= Beginning of Section =
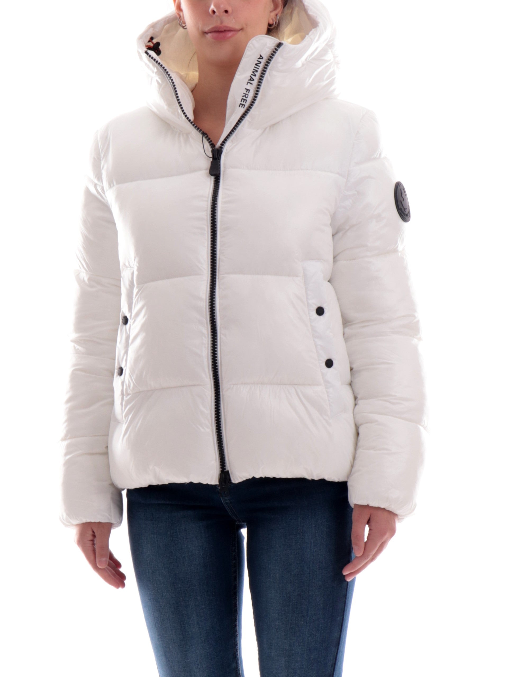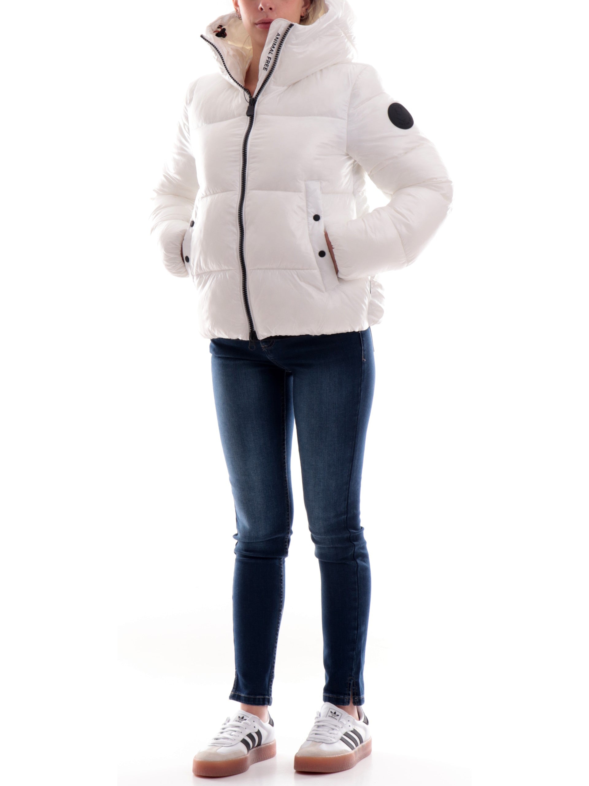 Piumino Save the Duck bianco da donna con cappuccio e tasche. Questo Save the Duck bianco lucido modello Biddy è realizzato in imbottitura ecologica cruelty free, e tessuto bianco lucido. Questo piumino bianco da donna ha il collo alto antivento e la cerniera nera moderna sul davanti.
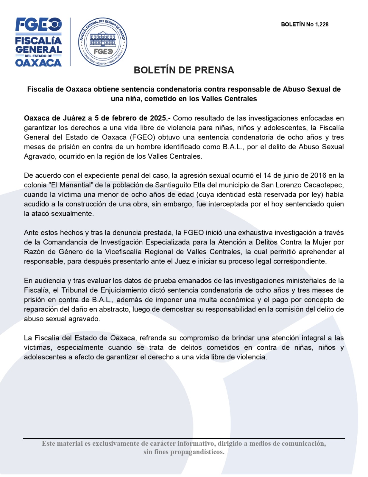 Oaxaca de Juárez a 5 de febrero de 2025.- Como resultado de las investigaciones enfocadas en garantizar los derechos a una vida libre de violencia para niñas, niños y adolescentes, la Fiscalía General del Estado de Oaxaca (FGEO) obtuvo una sentencia condenatoria de ocho años y tres meses de prisión en contra de un hombre identificado como B.A.L., por el delito de Abuso Sexual Agravado, ocurrido en la región de los Valles Centrales.
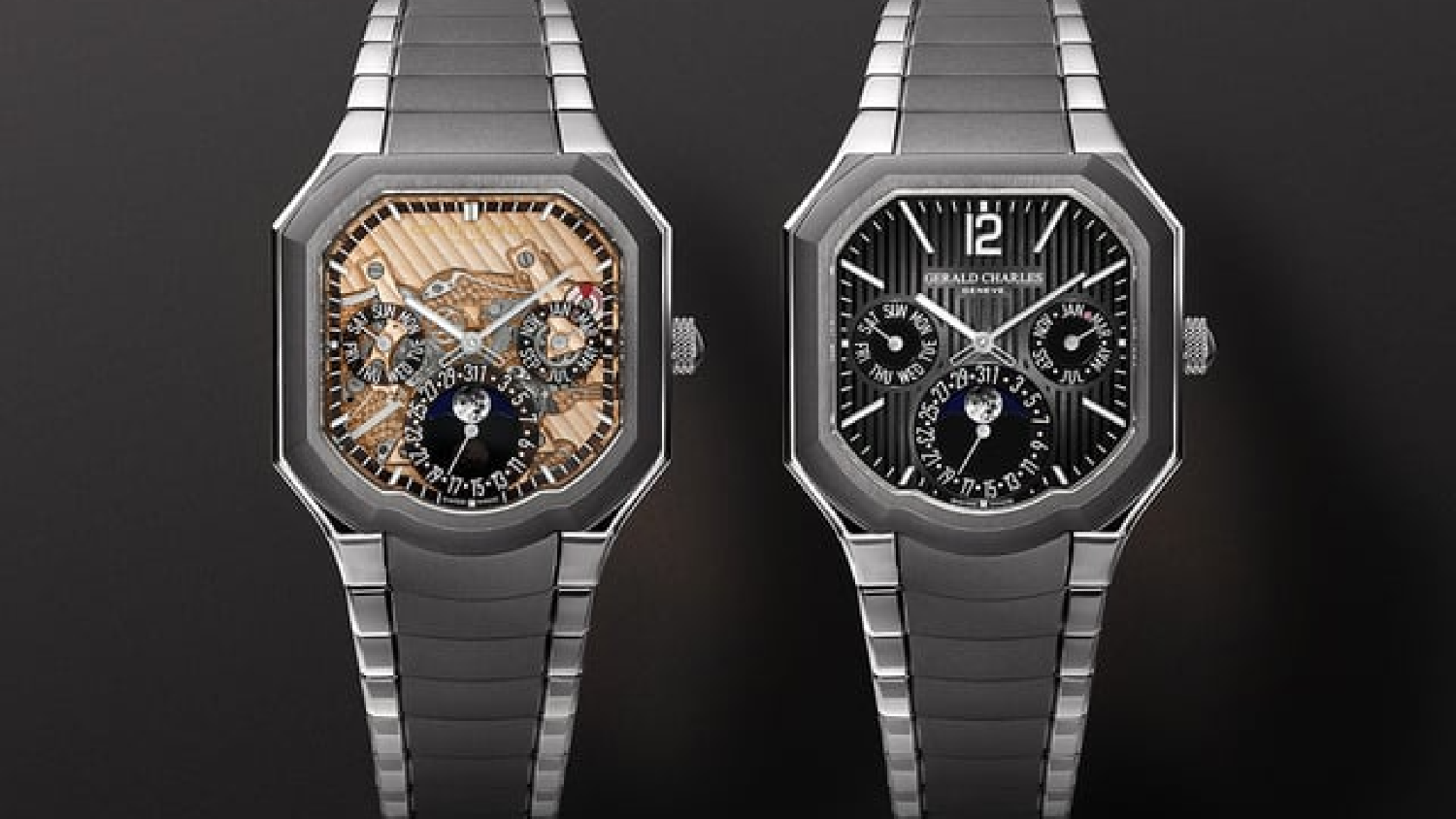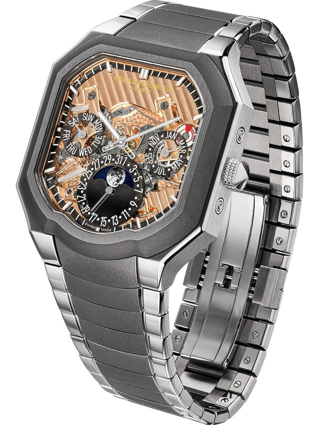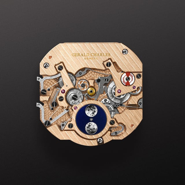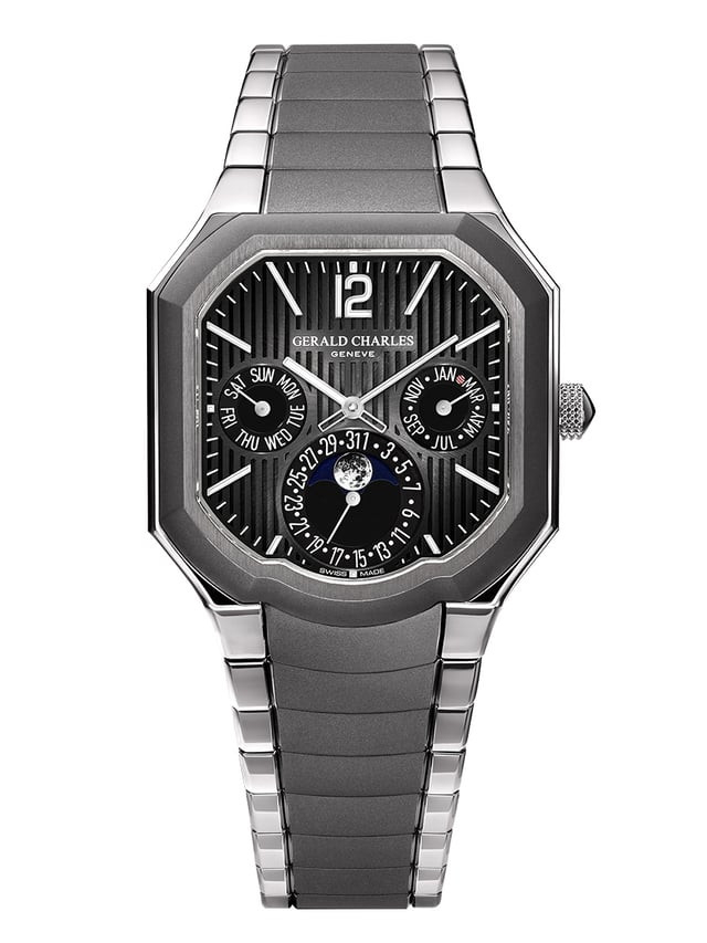 The 40 × 40mm case is crafted from Grade 5 titanium and consists of 33 components, combining lightness with structural rigidity. Measuring just 10mm in thickness and weighing only 97 grams, the watch underscores Gerald Charles’s focus on ergonomics through its proprietary Ergonteq design principles. The case integrates a screw-down crown with Clous de Paris finishing and is paired with a fully integrated titanium bracelet composed of 151 parts. Both case and bracelet feature a sophisticated interplay of finishes, including brushed, polished, and the brand’s proprietary Darkblast treatment, which enhances scratch resistance while delivering a distinctive matte, almost tactile surface.
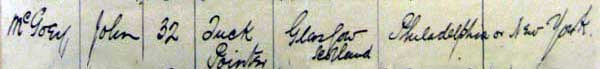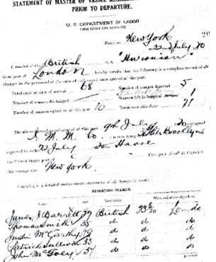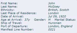 1920 Jul 22. On the crew of SS Huronian, and jumps ship in New York. Document called “Statement of Master Vessel Regarding Changes in Crew Prior To Departure”. This shows 5 crew members as ‘deserters’ not reporting back to duty to go back to London on the vessel Huronian. One of these men was John McGoey, age 34.
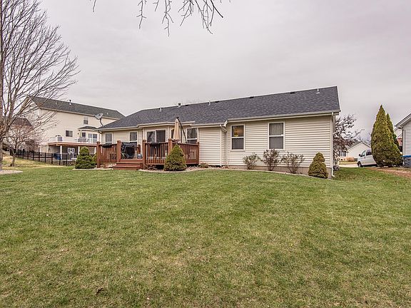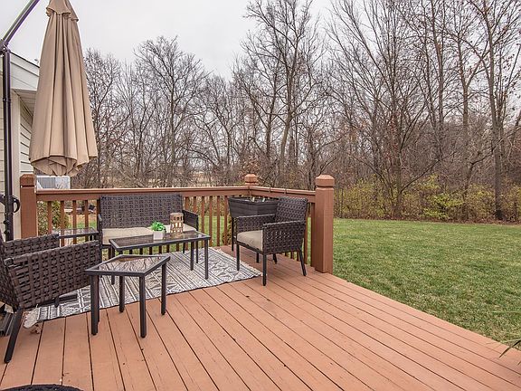 Prepare to be impressed by this ranch style home that has been upgraded with fine finishes. Hand scraped wood floors in the dining room, great room, kitchen, breakfast room, and main floor laundry room.  Vaulted ceilings in the great room and a gas fireplace.  The kitchen is upgraded with 42 in cabinets, quartz counters, stainless appliances, and upgraded backsplash.  Updated light fixtures throughout most of the home and newer carriage style 2 panel doors. Primary bedroom suite with large walk in closet, updated bathroom with double sink, separate tub and shower, newer flooring, and updated fixtures.  Updated hall bathroom and 2nd and 3rd bedrooms on the split side of the house.  Newer door walking out to the deck space. Located on a court this home has a flat backyard that backs to trees and woods.  The lower level is finished with a large rec room and family room areas with bar top, faux electric fireplace, 2 more possible bedrooms or office/exercise rooms, plus bonus storage areas.
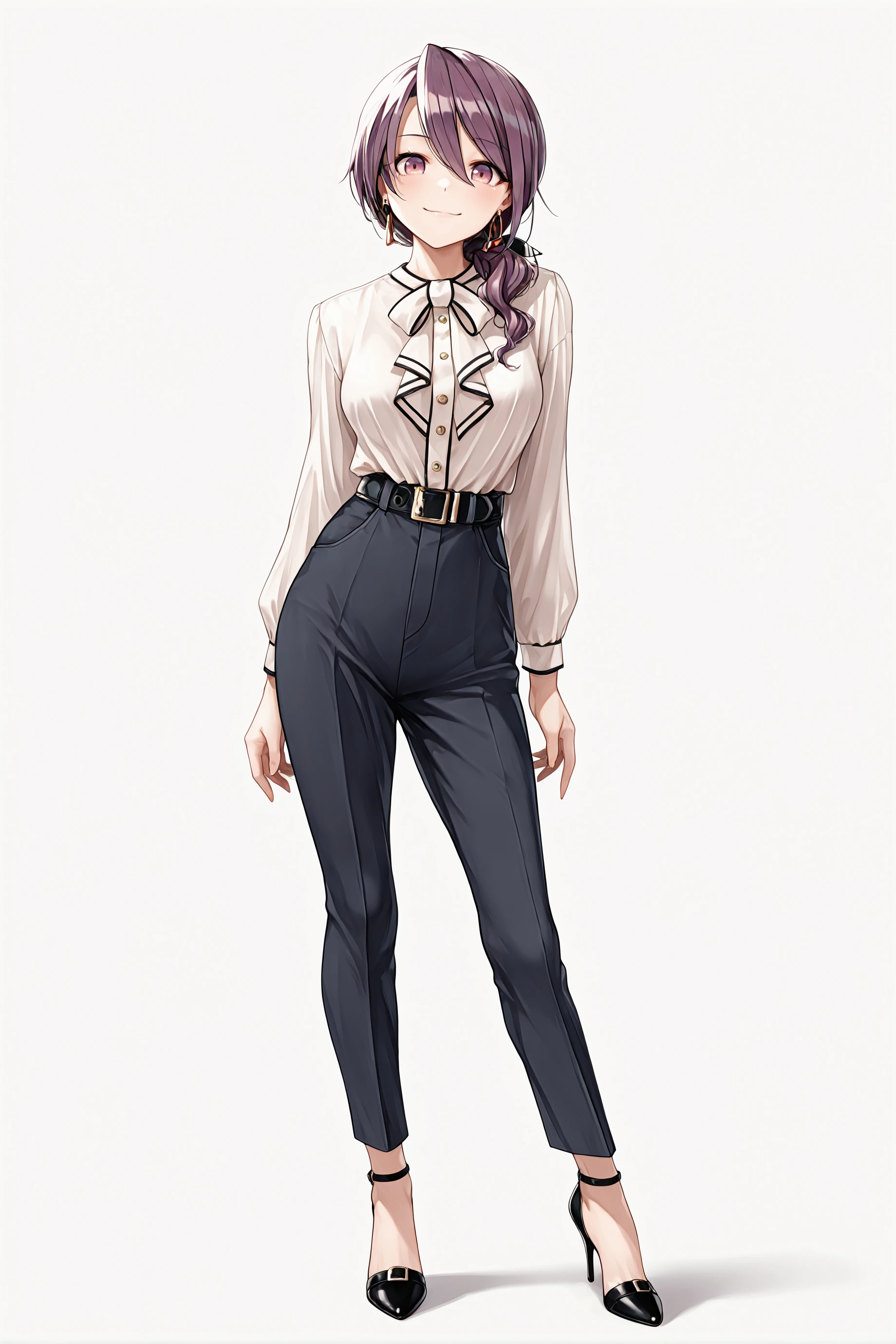 tsurugi ryoka, white shirt, long sleeves, belt, pants, ankle strap, pumps, d'orsay heels,
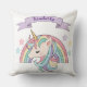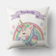 Dit schattige en kleurrijke custom worp kussen heeft een prachtige illustratie van een eenhoorn en pastelkleurige regenboog. Kleine sterren in bijpassende kleuren omringen de regenboog. Boven de eenhoorn is een banner afgedrukt met hieronder een voorbeeldnaam in een elegant paars schrift. U kunt het kussen personaliseren om uw eigen aangepaste naam of tekst op te nemen.
= End of Section =
Exact repetition required: repeat the first line of the listing above, the line containing "The 40 × 40mm", and every line between, leaving out pictures.

Solution to the problem:
 Piumino Save the Duck bianco da donna con cappuccio e tasche. Questo Save the Duck bianco lucido modello Biddy è realizzato in imbottitura ecologica cruelty free, e tessuto bianco lucido. Questo piumino bianco da donna ha il collo alto antivento e la cerniera nera moderna sul davanti.
 Oaxaca de Juárez a 5 de febrero de 2025.- Como resultado de las investigaciones enfocadas en garantizar los derechos a una vida libre de violencia para niñas, niños y adolescentes, la Fiscalía General del Estado de Oaxaca (FGEO) obtuvo una sentencia condenatoria de ocho años y tres meses de prisión en contra de un hombre identificado como B.A.L., por el delito de Abuso Sexual Agravado, ocurrido en la región de los Valles Centrales.
 The 40 × 40mm case is crafted from Grade 5 titanium and consists of 33 components, combining lightness with structural rigidity. Measuring just 10mm in thickness and weighing only 97 grams, the watch underscores Gerald Charles’s focus on ergonomics through its proprietary Ergonteq design principles. The case integrates a screw-down crown with Clous de Paris finishing and is paired with a fully integrated titanium bracelet composed of 151 parts. Both case and bracelet feature a sophisticated interplay of finishes, including brushed, polished, and the brand’s proprietary Darkblast treatment, which enhances scratch resistance while delivering a distinctive matte, almost tactile surface.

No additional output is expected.